What is being asked:
All lines from the one containing "Su diseño de" through the end of the material are to be given back exactly, without pictures.

BEGIN Available data

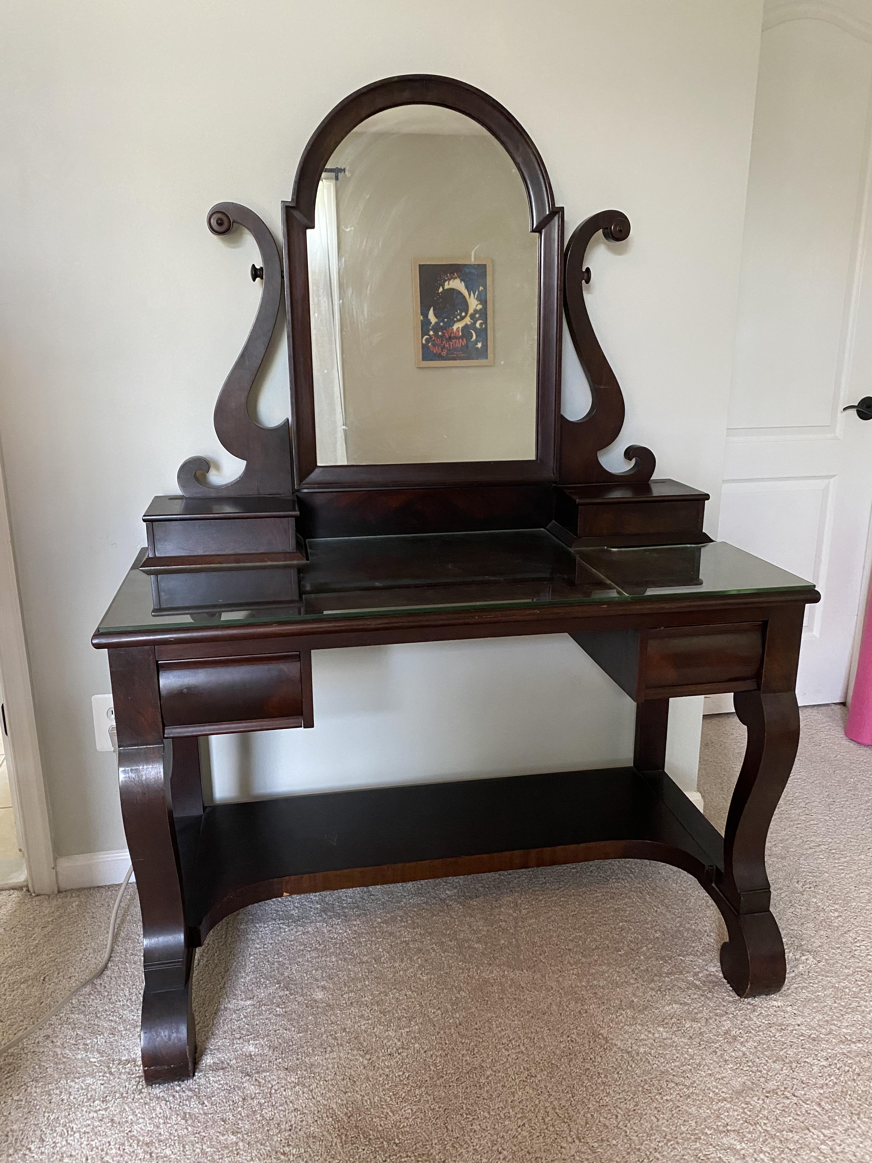 I’m trying to find out a little bit more about this piece I have. It’s part of a set, but after a move, it’s the only item left in good condition (movers broke a piece off the other, and scraped the wood of the sleigh bed).
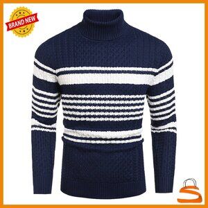 Men's Slim Fit Turtleneck Sweater Thermal Pullover Knitted Twisted Design
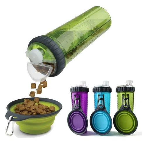 Su diseño de botella dual permite almacenar agua y comida en compartimientos separados, ofreciendo una solución práctica para transportar todo lo que tu mascota necesita en un solo recipiente. Además, incluye un tazón plegable que se adhiere fácilmente al envase, lo que facilita servir agua o alimento en cualquier momento.
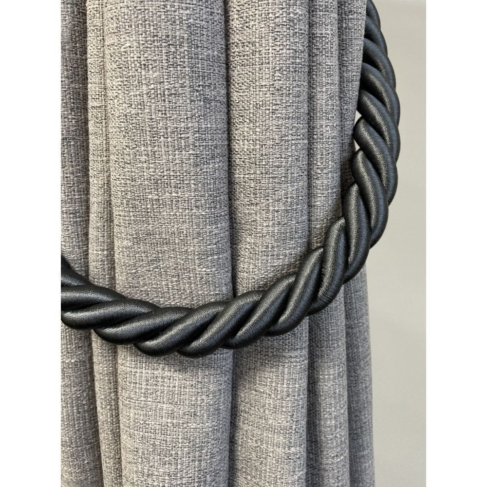 Jones Reef Rope Curtain Tieback in Charcoal. A simple, affordable 19mm diameter twisted rope tieback available in 15 exciting colour shades that will enhance your curtains. Twist more than one colour to create an individual look.

END Available data

Task response:
 Su diseño de botella dual permite almacenar agua y comida en compartimientos separados, ofreciendo una solución práctica para transportar todo lo que tu mascota necesita en un solo recipiente. Además, incluye un tazón plegable que se adhiere fácilmente al envase, lo que facilita servir agua o alimento en cualquier momento.
 Jones Reef Rope Curtain Tieback in Charcoal. A simple, affordable 19mm diameter twisted rope tieback available in 15 exciting colour shades that will enhance your curtains. Twist more than one colour to create an individual look.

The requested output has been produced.